---------- Data below

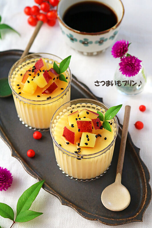 オーブンも生クリームを使わず簡単!さつまいもプリンです~♪
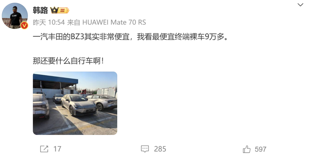 1月20日,汽车博主“韩路”在微博发文称,一汽丰田bZ3其实非常便宜,最便宜的终端裸车只需9万多。其还感慨表示,“还要什么自行车。”
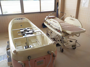 利用者様の身体機能に合わせて、座ったまま、寝たままの姿勢で入浴出来る浴槽を設置しています。

--------------------

*Directions for this task*
An exact, picture-free copy of the listing above is the goal; write it out now.

*Output*
 オーブンも生クリームを使わず簡単!さつまいもプリンです~♪
 1月20日,汽车博主“韩路”在微博发文称,一汽丰田bZ3其实非常便宜,最便宜的终端裸车只需9万多。其还感慨表示,“还要什么自行车。”
 利用者様の身体機能に合わせて、座ったまま、寝たままの姿勢で入浴出来る浴槽を設置しています。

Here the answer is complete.